# how to prove that a function vanishing at an interval is identically zero?

Let $$\phi(s):=\int_{0}^{\infty}\exp(-st)g(t)dt$$ for $$g\in L_1(0,\infty)$$. Assume that $$\phi(s)=0$$ for $$s\in[0,\frac{1}{2})$$. How to prove that $$\phi(s)=0$$ for every $$s\in[0,\infty)$$.

I claim that $$\phi$$ is an entire function.

Indeed let $$\gamma$$ be a simply closed curve in the complex plane.

Then $$\int_{\gamma} \phi(z) dz = \int_{\gamma}\int_0^\infty \exp(-zt)g(t) dz dt = \int_0^\infty \int_\gamma \exp(-zt) g(t)dz dt$$ by Fubini's theorem.

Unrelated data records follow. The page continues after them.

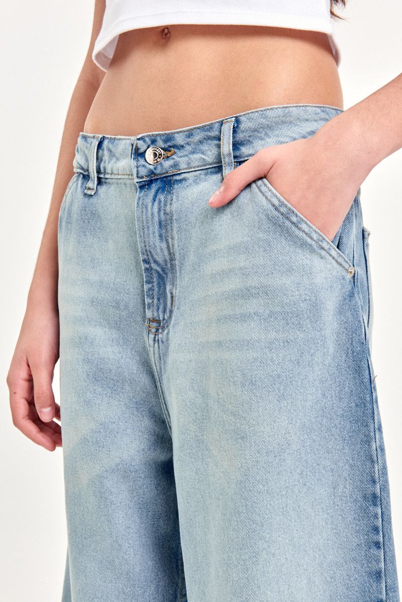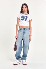 Jean de 5 bolsillos en denim liviano con corte baggy: ajustado en cintura, amplio en piernas. Terminación lavada con aspecto desgastado. Cada prenda pasa por un proceso artesanal, lo que le da una identidad única e irrepetible. Combiná con tops ajustados, camisas sueltas o buzos relajados.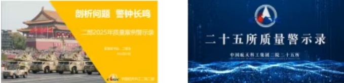 制作二院《質(zhì)量警示錄》,組織全院6000余人觀看集團(tuán)公司和二院質(zhì)量警示錄。二部、25所、206所、699廠等單位結(jié)合實(shí)際情況,編制了本單位質(zhì)量案例警示錄并在本單位循環(huán)展播。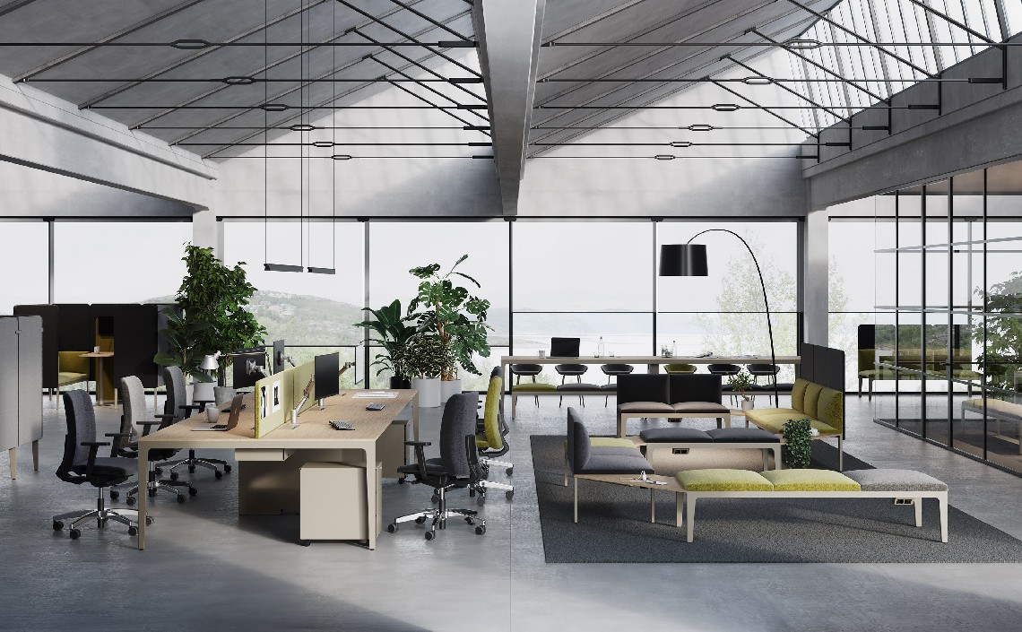 La forte commistione tra ambienti relax e spazi in cui è richiesta un’intensa concentrazione, viene supportata dal sistema d’arredo per ufficio Alplus: adatto ad ogni area di lavoro, dialogando con lo stesso linguaggio estetico, crea un ambiente esclusivo.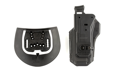 Multiple holsters for multiple handguns is no longer an issue. The Blackhawk(R) Omnivore(TM) is a multi-fit holster that accommodates more than 150 styles of semi-automatic handguns with an accessory rail. The active retention mechanism locks onto Blackhawk’s proprietary Rail Attachment Device, not the frame of the handgun. A thumb release disengages the locking mechanism when drawing the handgun.

But the function $$\exp(-zt)$$ is entire as a function of $$z$$.

Hence, by the Cauchy-Goursat theorem $$\int_\gamma \exp(-zt) dz$$ vanishes for all $$t \in (0, \infty)$$.

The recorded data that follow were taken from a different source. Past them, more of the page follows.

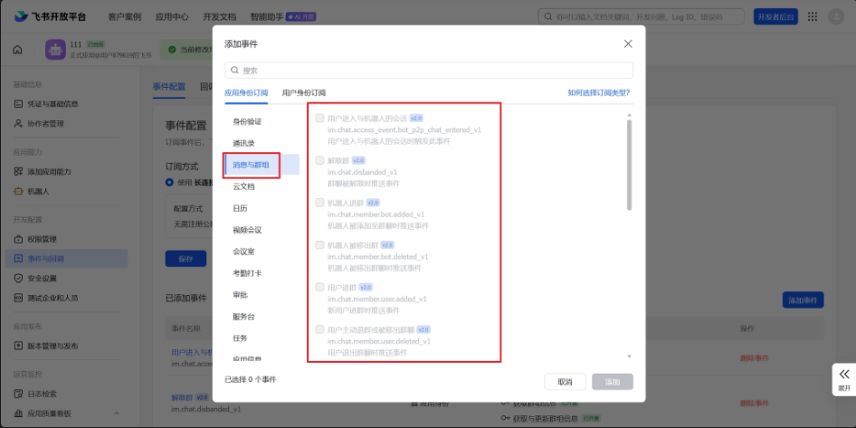 添加后会在已添加事件中看到,然后点击事件配置中的订阅方式(使用长连接)→保存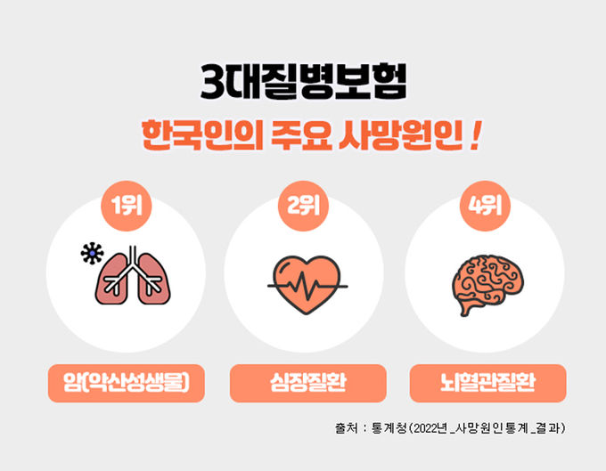 (비전21뉴스) 3대질병으로 일컬어지는 암, 뇌혈관질환, 심혈관질환은 한국인의 주요 사망원인에서 상위를 차지하고 있으며, 이에 대한 진단비를 집중적으로 보장해 주는 보험상품을 3대질병진단비 보험이라 할 수 있다.
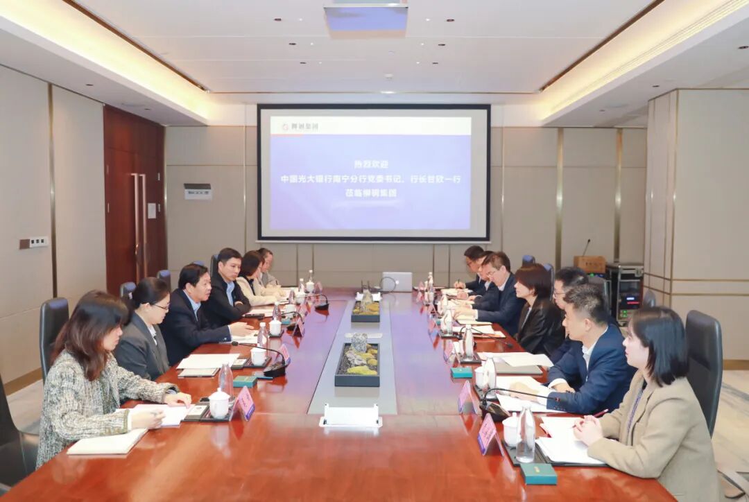 李斌介绍了柳钢集团“十四五”时期深化改革、“高端化、智能化、绿色化”转型发展和重点项目建设投资情况。李斌指出,面对行业深度调整周期,柳钢集团聚焦产业强链补链延链,因地制宜发展新质生产力,获评中国钢铁企业竞争力暨发展质量A+(极强)评级,保持国内最高的AAA级信用评级,这些成效的取得离不开光大银行等金融伙伴长期以来给予柳钢集团的鼎力支持。希望双方在良好合作基础上,进一步加强交流互信,在产线提档升级、绿色低碳、数智转型和拓宽国际业务等方面得到光大银行的金融支持,拓宽供应链金融、权益性融资等方面合作的广度和深度,实现银企互利共赢。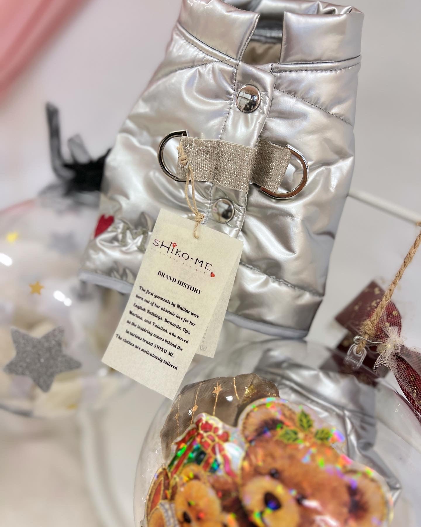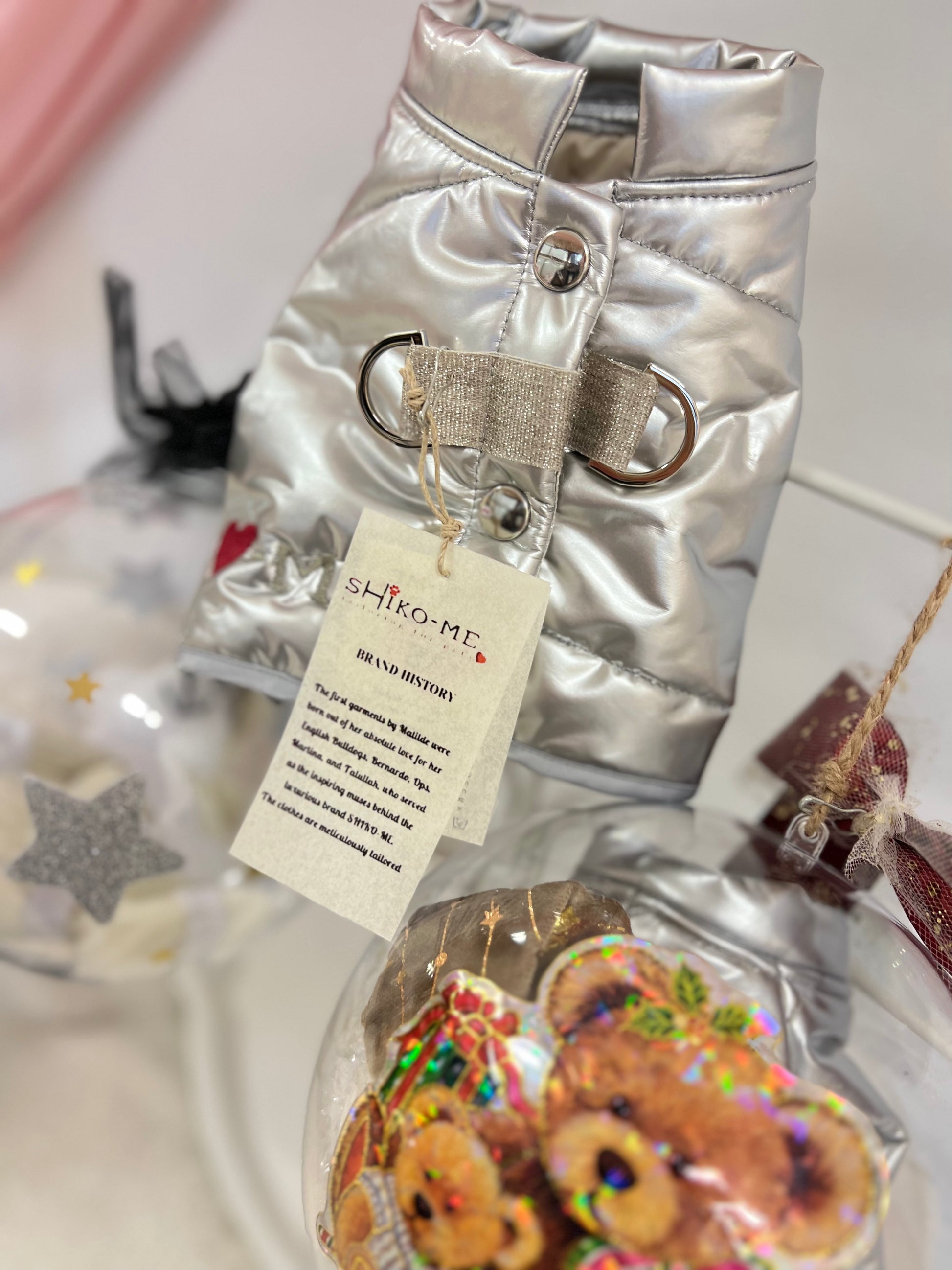 fantastica pettorna effetto vernice , interno anti nodo stile bomber , abbottonatura snap , disponibile in tre colori .. in una dolce confezione natalizia con all'interno un peluche natalizio

Therefore, $$\int_\gamma \phi(z) dz = 0$$ for every simply closed curve $$\gamma$$ in the complex plane. Moreras theorem, then, implies that $$\phi$$ is entire.

Now since $$\phi$$ is an analytic function that vanishes on a set with accumulation point we get that $$\phi$$ is identically zero by the uniqueness theorem for analytic functions.